### ACTIVITY
Reproduce exactly only the lines from the line that holds "el cruce peatonal." to the line that holds "#AlertPet #Procurase #PassaroDesaparecido", inclusive, in the listing below, and please leave out every picture.

### DATA TO EXAMINE
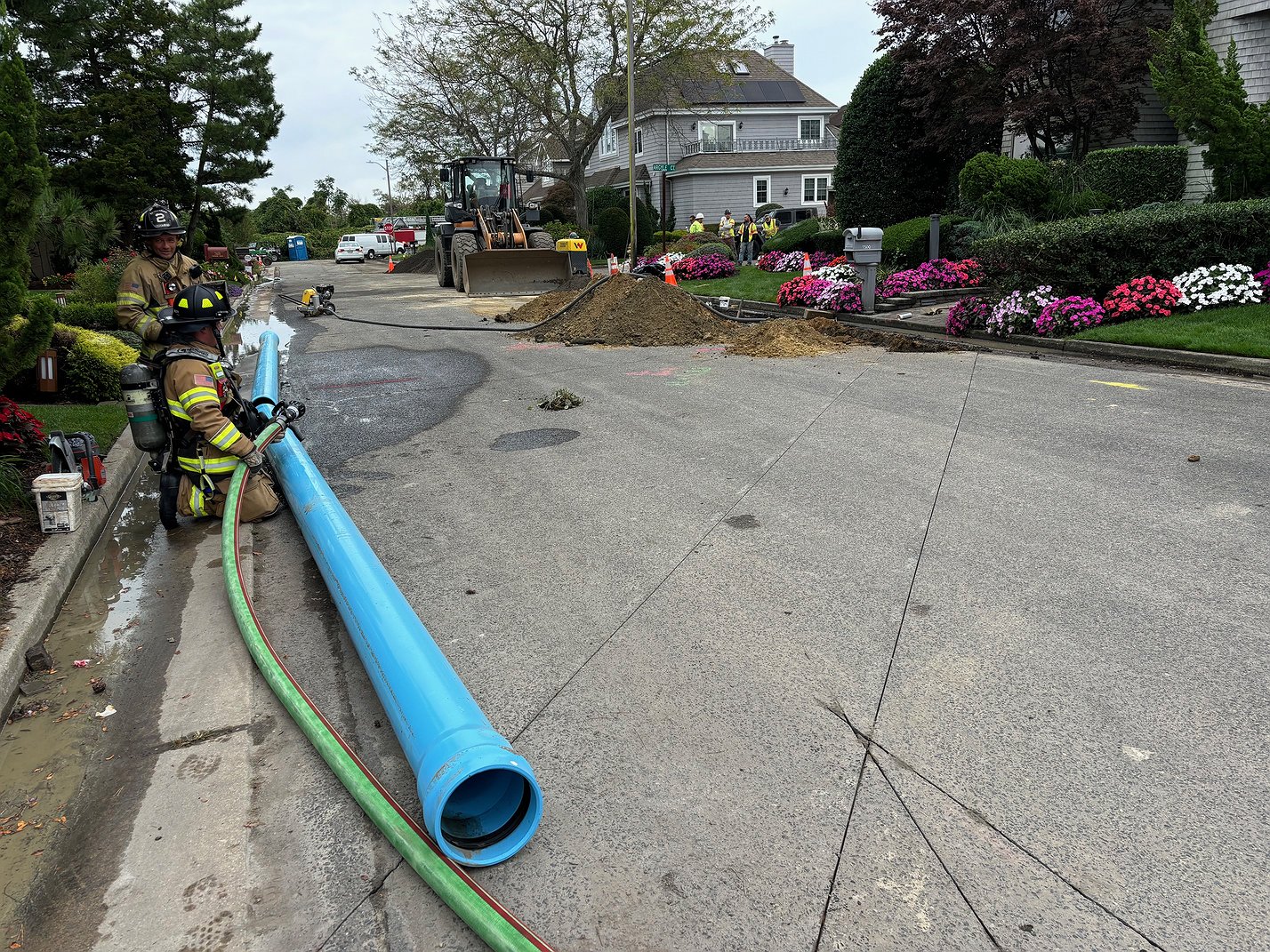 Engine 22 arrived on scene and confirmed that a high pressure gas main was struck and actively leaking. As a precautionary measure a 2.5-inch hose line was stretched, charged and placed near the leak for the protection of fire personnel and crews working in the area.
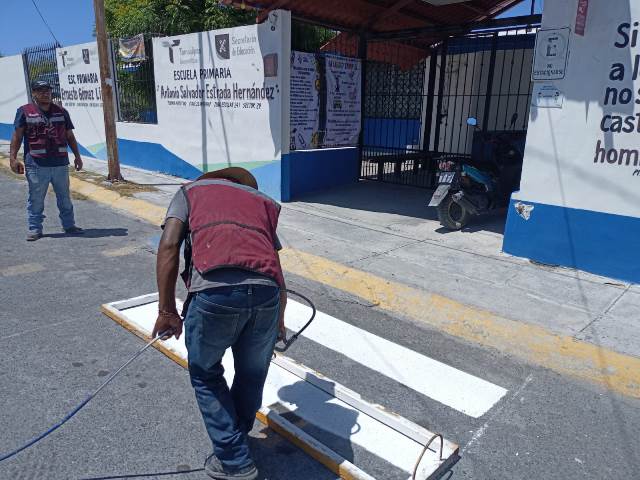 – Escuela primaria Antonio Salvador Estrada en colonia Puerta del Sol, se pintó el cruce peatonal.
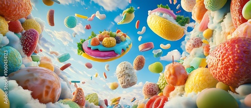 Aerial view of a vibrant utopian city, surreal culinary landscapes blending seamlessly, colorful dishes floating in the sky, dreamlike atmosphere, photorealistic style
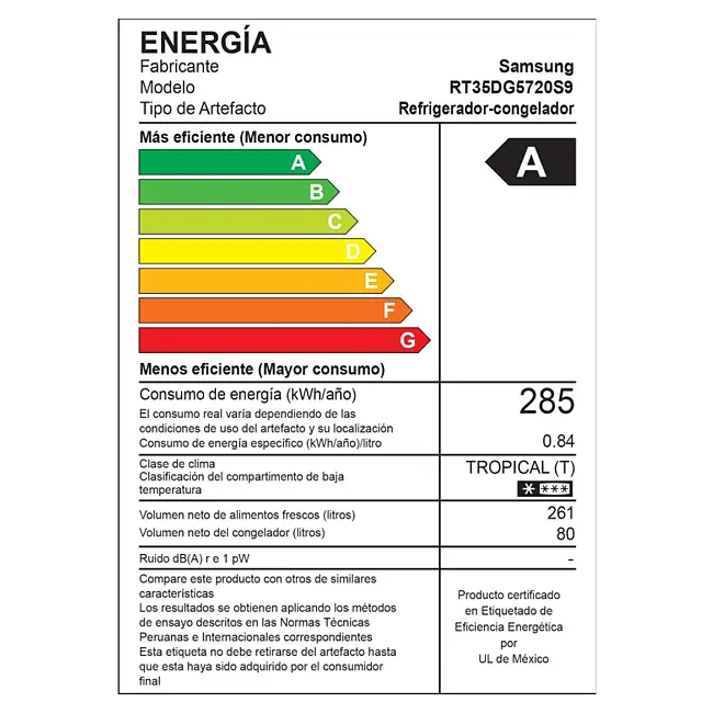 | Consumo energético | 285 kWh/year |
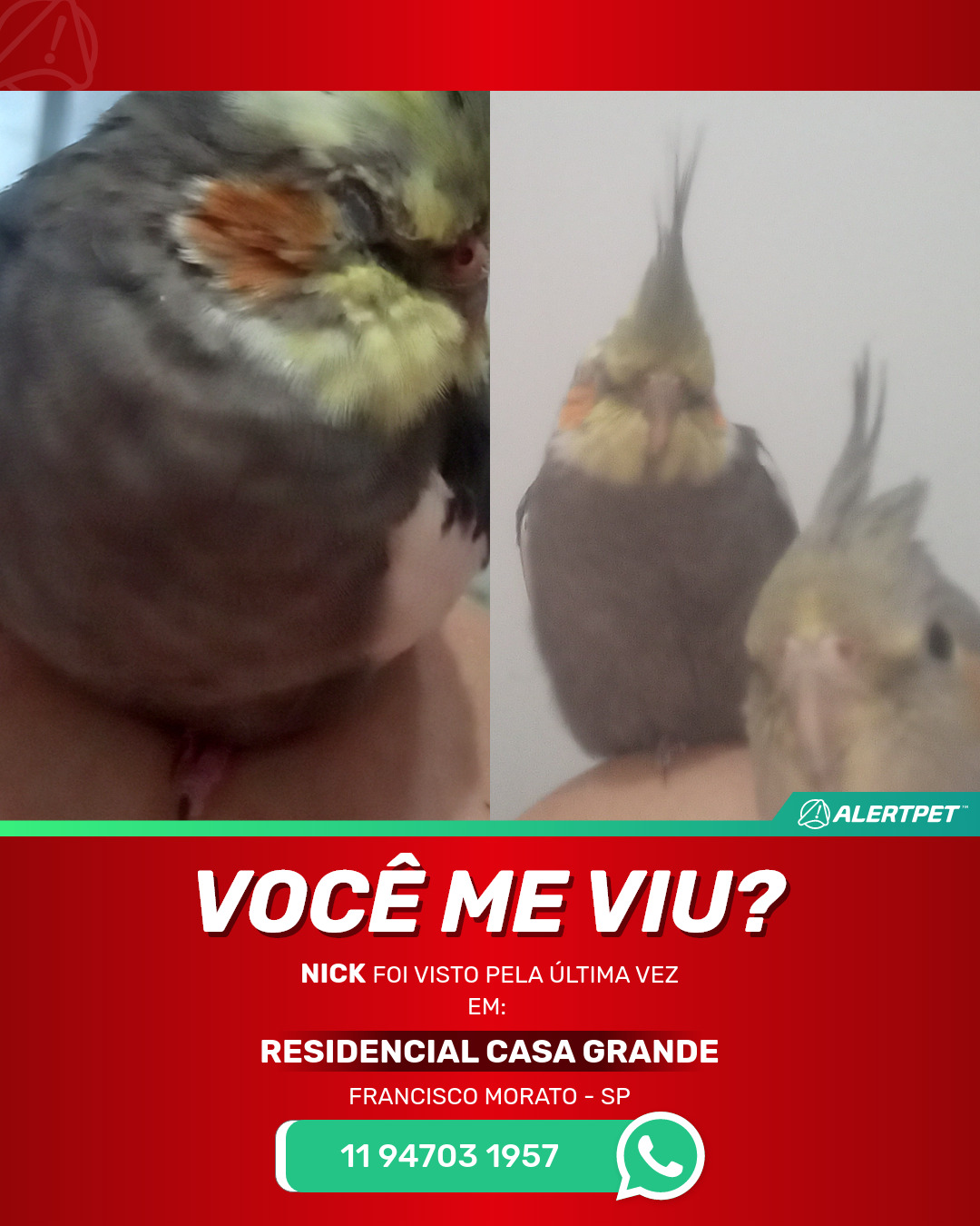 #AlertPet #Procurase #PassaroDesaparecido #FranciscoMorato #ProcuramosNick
==
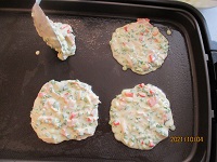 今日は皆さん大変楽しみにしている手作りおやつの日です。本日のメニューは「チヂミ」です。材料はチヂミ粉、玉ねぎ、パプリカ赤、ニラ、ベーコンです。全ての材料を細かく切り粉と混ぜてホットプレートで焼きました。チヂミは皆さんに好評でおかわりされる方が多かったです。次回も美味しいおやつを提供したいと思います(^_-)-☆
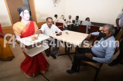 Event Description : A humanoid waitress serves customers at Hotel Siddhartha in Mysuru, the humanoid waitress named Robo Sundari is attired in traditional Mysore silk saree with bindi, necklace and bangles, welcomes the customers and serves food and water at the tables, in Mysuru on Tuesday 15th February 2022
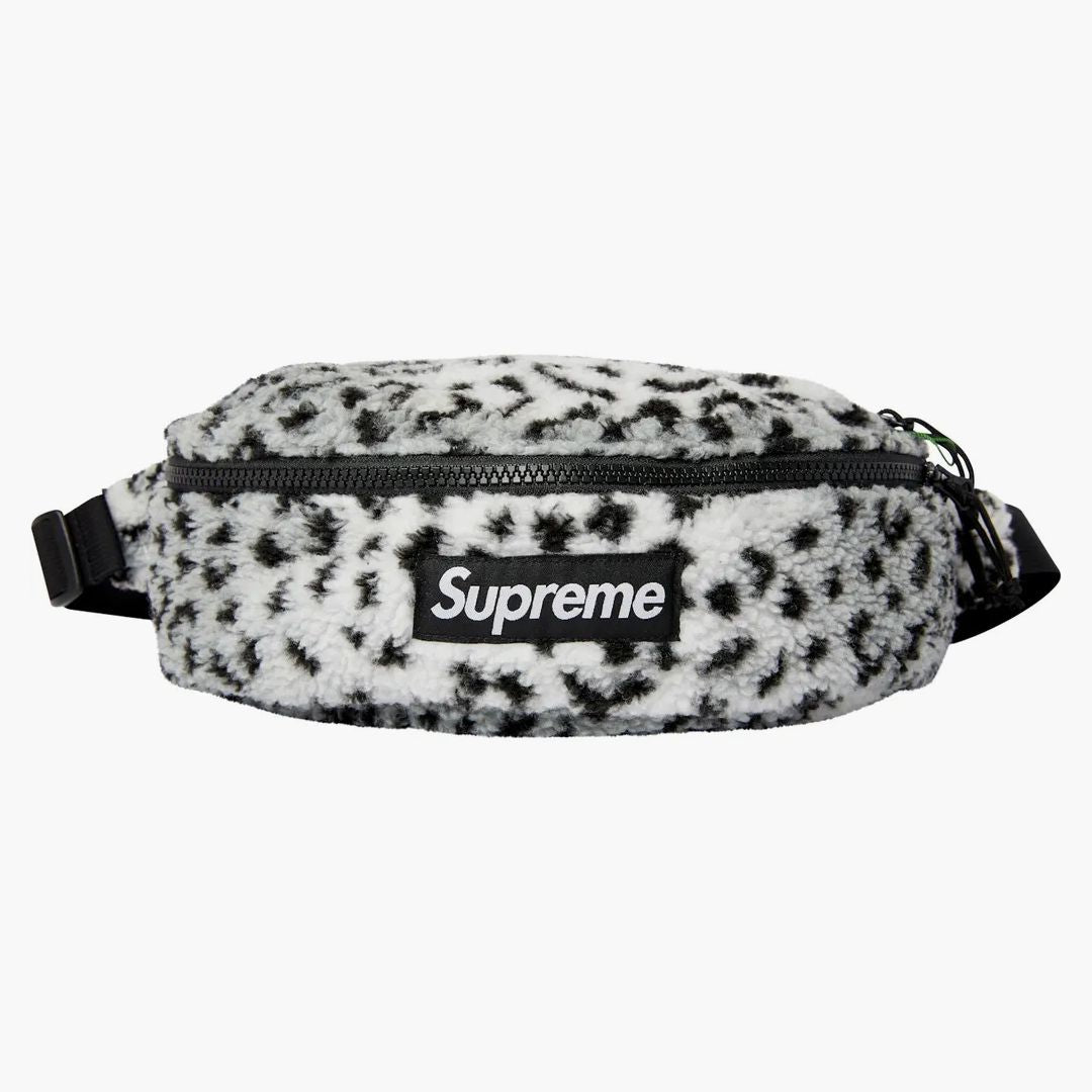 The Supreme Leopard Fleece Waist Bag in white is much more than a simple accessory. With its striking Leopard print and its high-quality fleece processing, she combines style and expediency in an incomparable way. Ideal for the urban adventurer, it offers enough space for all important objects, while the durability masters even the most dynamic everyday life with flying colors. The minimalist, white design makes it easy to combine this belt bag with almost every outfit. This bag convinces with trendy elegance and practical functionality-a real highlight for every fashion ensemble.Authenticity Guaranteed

### EXERCISE ANSWER
 – Escuela primaria Antonio Salvador Estrada en colonia Puerta del Sol, se pintó el cruce peatonal.
 Aerial view of a vibrant utopian city, surreal culinary landscapes blending seamlessly, colorful dishes floating in the sky, dreamlike atmosphere, photorealistic style
 | Consumo energético | 285 kWh/year |
 #AlertPet #Procurase #PassaroDesaparecido #FranciscoMorato #ProcuramosNick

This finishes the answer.